WORK TASK>
Please copy all of the entries exactly, but drop every picture.

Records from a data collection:
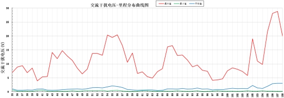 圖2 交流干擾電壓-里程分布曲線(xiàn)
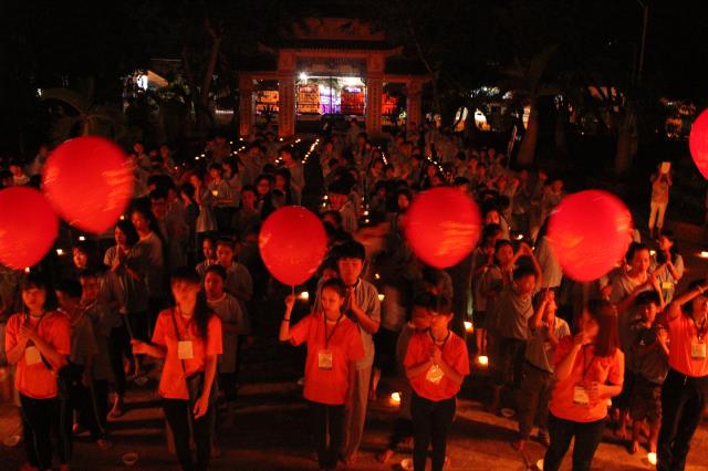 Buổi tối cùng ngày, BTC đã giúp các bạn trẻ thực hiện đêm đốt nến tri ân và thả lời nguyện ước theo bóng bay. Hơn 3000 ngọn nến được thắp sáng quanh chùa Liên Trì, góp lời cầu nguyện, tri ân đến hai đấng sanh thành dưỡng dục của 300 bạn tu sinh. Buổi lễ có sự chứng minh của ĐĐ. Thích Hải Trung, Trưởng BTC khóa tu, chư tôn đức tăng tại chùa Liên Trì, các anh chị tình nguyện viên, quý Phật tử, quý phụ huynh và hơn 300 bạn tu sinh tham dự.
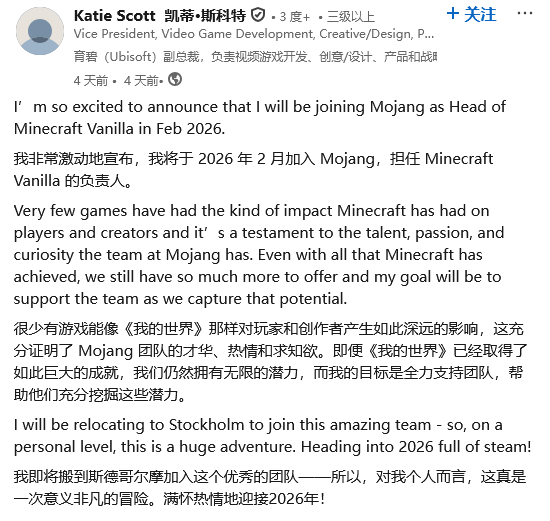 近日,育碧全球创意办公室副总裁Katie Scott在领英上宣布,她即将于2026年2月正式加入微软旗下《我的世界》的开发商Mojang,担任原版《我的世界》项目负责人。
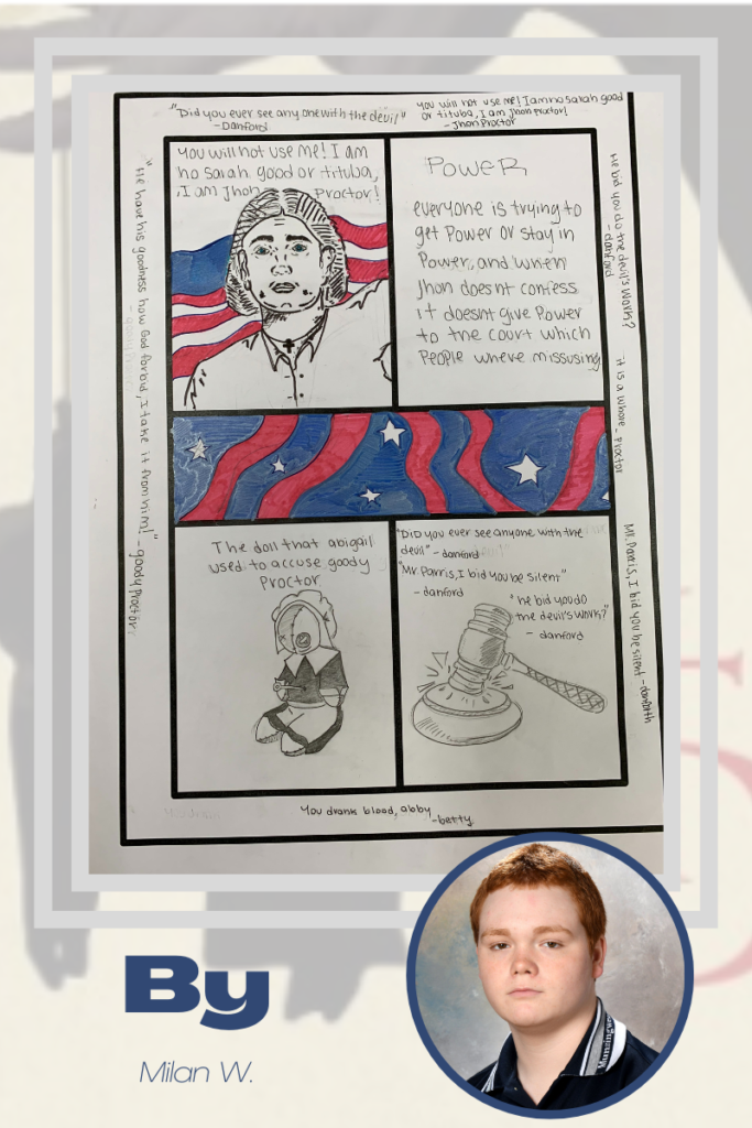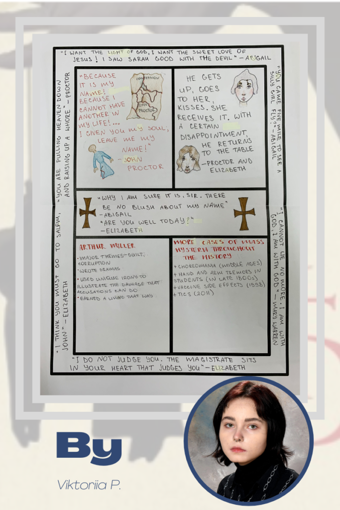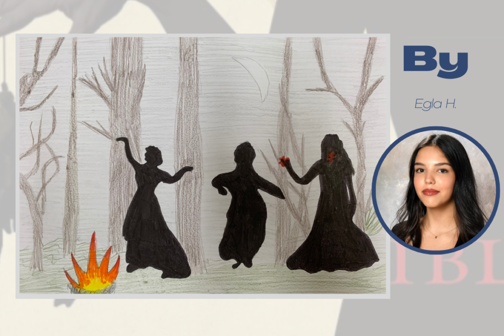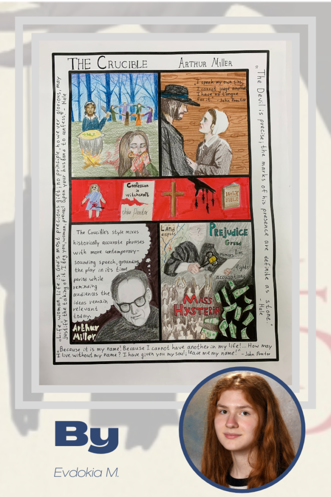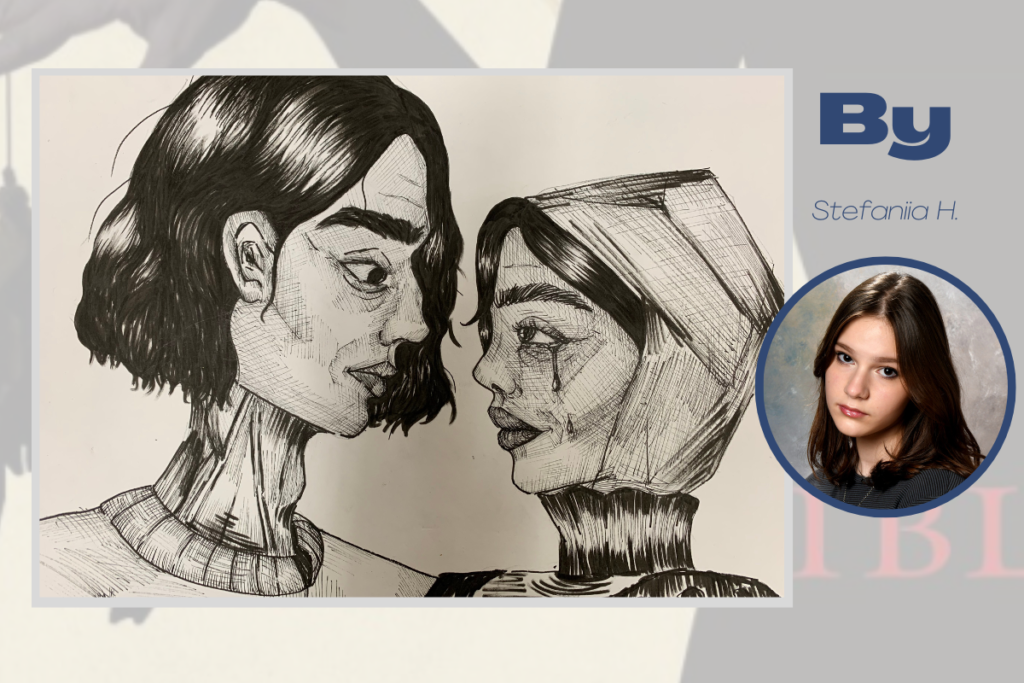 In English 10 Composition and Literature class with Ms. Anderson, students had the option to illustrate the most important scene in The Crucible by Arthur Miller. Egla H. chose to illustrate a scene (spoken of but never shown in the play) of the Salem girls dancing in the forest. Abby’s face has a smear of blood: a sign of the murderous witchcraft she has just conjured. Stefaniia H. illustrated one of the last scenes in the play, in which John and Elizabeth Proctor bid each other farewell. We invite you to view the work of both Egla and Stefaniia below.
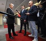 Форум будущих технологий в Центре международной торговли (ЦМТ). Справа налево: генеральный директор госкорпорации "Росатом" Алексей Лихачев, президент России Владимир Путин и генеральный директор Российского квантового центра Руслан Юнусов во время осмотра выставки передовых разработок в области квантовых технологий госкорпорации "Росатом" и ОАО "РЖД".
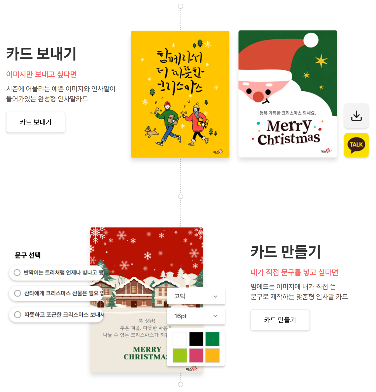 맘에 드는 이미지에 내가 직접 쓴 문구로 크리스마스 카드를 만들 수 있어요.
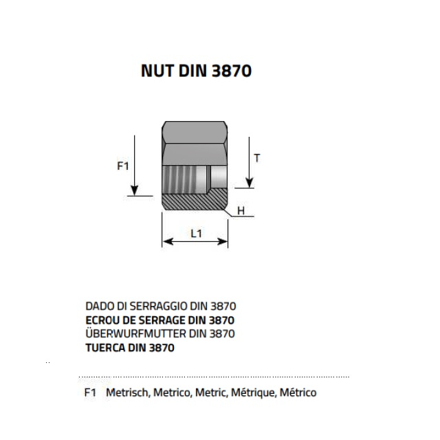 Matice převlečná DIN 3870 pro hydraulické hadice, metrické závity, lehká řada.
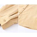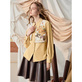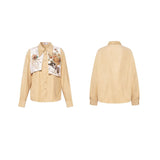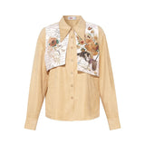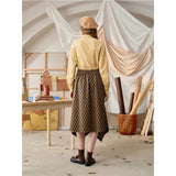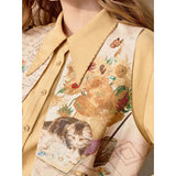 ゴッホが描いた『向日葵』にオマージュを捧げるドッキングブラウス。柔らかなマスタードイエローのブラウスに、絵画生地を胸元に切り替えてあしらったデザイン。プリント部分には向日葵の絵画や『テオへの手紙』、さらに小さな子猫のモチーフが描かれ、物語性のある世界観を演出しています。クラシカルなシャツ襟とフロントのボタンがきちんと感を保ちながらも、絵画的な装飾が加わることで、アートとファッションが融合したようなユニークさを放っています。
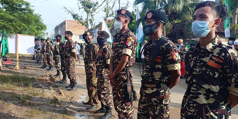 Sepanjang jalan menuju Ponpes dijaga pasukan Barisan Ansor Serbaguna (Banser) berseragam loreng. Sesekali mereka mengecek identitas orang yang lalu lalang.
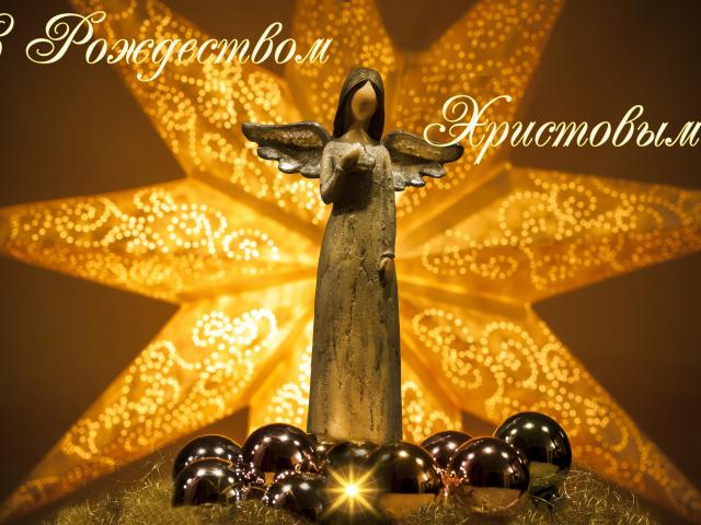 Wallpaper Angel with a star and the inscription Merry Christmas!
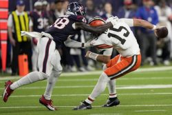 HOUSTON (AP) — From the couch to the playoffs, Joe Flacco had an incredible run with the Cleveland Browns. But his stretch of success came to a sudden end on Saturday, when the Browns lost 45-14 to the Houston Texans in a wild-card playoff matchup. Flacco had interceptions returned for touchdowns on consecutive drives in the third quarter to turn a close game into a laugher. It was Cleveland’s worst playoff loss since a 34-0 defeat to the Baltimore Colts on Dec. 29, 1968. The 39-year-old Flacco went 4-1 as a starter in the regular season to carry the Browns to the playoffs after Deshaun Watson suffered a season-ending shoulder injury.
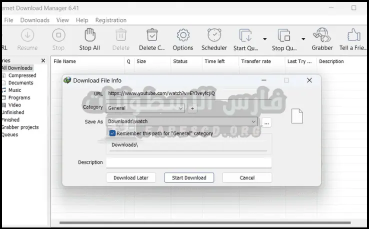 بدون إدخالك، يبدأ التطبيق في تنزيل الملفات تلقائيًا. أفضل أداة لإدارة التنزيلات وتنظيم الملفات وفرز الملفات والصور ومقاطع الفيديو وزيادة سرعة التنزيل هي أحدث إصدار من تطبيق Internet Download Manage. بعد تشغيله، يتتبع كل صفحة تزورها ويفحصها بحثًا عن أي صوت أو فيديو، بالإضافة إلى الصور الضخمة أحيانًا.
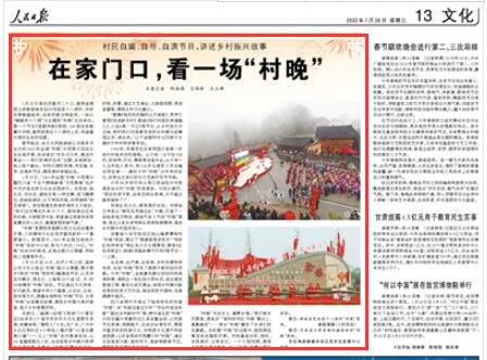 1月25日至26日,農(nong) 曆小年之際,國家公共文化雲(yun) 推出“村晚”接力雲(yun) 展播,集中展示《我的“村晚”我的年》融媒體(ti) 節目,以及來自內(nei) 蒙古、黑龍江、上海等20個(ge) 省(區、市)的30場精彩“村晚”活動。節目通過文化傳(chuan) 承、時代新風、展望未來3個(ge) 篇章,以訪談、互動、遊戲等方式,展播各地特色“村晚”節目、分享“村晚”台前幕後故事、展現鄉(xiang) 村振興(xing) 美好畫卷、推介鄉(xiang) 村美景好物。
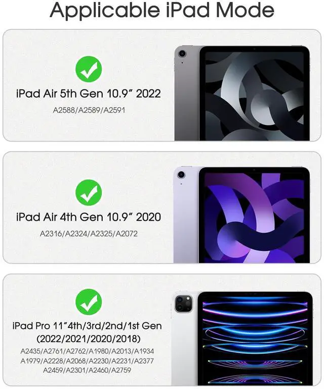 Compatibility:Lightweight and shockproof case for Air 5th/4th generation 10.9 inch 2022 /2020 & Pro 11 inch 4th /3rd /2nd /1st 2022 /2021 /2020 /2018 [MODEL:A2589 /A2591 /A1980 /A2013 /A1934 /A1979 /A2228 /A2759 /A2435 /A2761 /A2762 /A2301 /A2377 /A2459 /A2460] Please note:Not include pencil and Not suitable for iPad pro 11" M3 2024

WORKED SOLUTION>
 圖2 交流干擾電壓-里程分布曲線(xiàn)
 Buổi tối cùng ngày, BTC đã giúp các bạn trẻ thực hiện đêm đốt nến tri ân và thả lời nguyện ước theo bóng bay. Hơn 3000 ngọn nến được thắp sáng quanh chùa Liên Trì, góp lời cầu nguyện, tri ân đến hai đấng sanh thành dưỡng dục của 300 bạn tu sinh. Buổi lễ có sự chứng minh của ĐĐ. Thích Hải Trung, Trưởng BTC khóa tu, chư tôn đức tăng tại chùa Liên Trì, các anh chị tình nguyện viên, quý Phật tử, quý phụ huynh và hơn 300 bạn tu sinh tham dự.
 近日,育碧全球创意办公室副总裁Katie Scott在领英上宣布,她即将于2026年2月正式加入微软旗下《我的世界》的开发商Mojang,担任原版《我的世界》项目负责人。
 In English 10 Composition and Literature class with Ms. Anderson, students had the option to illustrate the most important scene in The Crucible by Arthur Miller. Egla H. chose to illustrate a scene (spoken of but never shown in the play) of the Salem girls dancing in the forest. Abby’s face has a smear of blood: a sign of the murderous witchcraft she has just conjured. Stefaniia H. illustrated one of the last scenes in the play, in which John and Elizabeth Proctor bid each other farewell. We invite you to view the work of both Egla and Stefaniia below.
 Форум будущих технологий в Центре международной торговли (ЦМТ). Справа налево: генеральный директор госкорпорации "Росатом" Алексей Лихачев, президент России Владимир Путин и генеральный директор Российского квантового центра Руслан Юнусов во время осмотра выставки передовых разработок в области квантовых технологий госкорпорации "Росатом" и ОАО "РЖД".
 맘에 드는 이미지에 내가 직접 쓴 문구로 크리스마스 카드를 만들 수 있어요.
 Matice převlečná DIN 3870 pro hydraulické hadice, metrické závity, lehká řada.
 ゴッホが描いた『向日葵』にオマージュを捧げるドッキングブラウス。柔らかなマスタードイエローのブラウスに、絵画生地を胸元に切り替えてあしらったデザイン。プリント部分には向日葵の絵画や『テオへの手紙』、さらに小さな子猫のモチーフが描かれ、物語性のある世界観を演出しています。クラシカルなシャツ襟とフロントのボタンがきちんと感を保ちながらも、絵画的な装飾が加わることで、アートとファッションが融合したようなユニークさを放っています。
 Sepanjang jalan menuju Ponpes dijaga pasukan Barisan Ansor Serbaguna (Banser) berseragam loreng. Sesekali mereka mengecek identitas orang yang lalu lalang.
 Wallpaper Angel with a star and the inscription Merry Christmas!
 HOUSTON (AP) — From the couch to the playoffs, Joe Flacco had an incredible run with the Cleveland Browns. But his stretch of success came to a sudden end on Saturday, when the Browns lost 45-14 to the Houston Texans in a wild-card playoff matchup. Flacco had interceptions returned for touchdowns on consecutive drives in the third quarter to turn a close game into a laugher. It was Cleveland’s worst playoff loss since a 34-0 defeat to the Baltimore Colts on Dec. 29, 1968. The 39-year-old Flacco went 4-1 as a starter in the regular season to carry the Browns to the playoffs after Deshaun Watson suffered a season-ending shoulder injury.
 بدون إدخالك، يبدأ التطبيق في تنزيل الملفات تلقائيًا. أفضل أداة لإدارة التنزيلات وتنظيم الملفات وفرز الملفات والصور ومقاطع الفيديو وزيادة سرعة التنزيل هي أحدث إصدار من تطبيق Internet Download Manage. بعد تشغيله، يتتبع كل صفحة تزورها ويفحصها بحثًا عن أي صوت أو فيديو، بالإضافة إلى الصور الضخمة أحيانًا.
 1月25日至26日,農(nong) 曆小年之際,國家公共文化雲(yun) 推出“村晚”接力雲(yun) 展播,集中展示《我的“村晚”我的年》融媒體(ti) 節目,以及來自內(nei) 蒙古、黑龍江、上海等20個(ge) 省(區、市)的30場精彩“村晚”活動。節目通過文化傳(chuan) 承、時代新風、展望未來3個(ge) 篇章,以訪談、互動、遊戲等方式,展播各地特色“村晚”節目、分享“村晚”台前幕後故事、展現鄉(xiang) 村振興(xing) 美好畫卷、推介鄉(xiang) 村美景好物。
 Compatibility:Lightweight and shockproof case for Air 5th/4th generation 10.9 inch 2022 /2020 & Pro 11 inch 4th /3rd /2nd /1st 2022 /2021 /2020 /2018 [MODEL:A2589 /A2591 /A1980 /A2013 /A1934 /A1979 /A2228 /A2759 /A2435 /A2761 /A2762 /A2301 /A2377 /A2459 /A2460] Please note:Not include pencil and Not suitable for iPad pro 11" M3 2024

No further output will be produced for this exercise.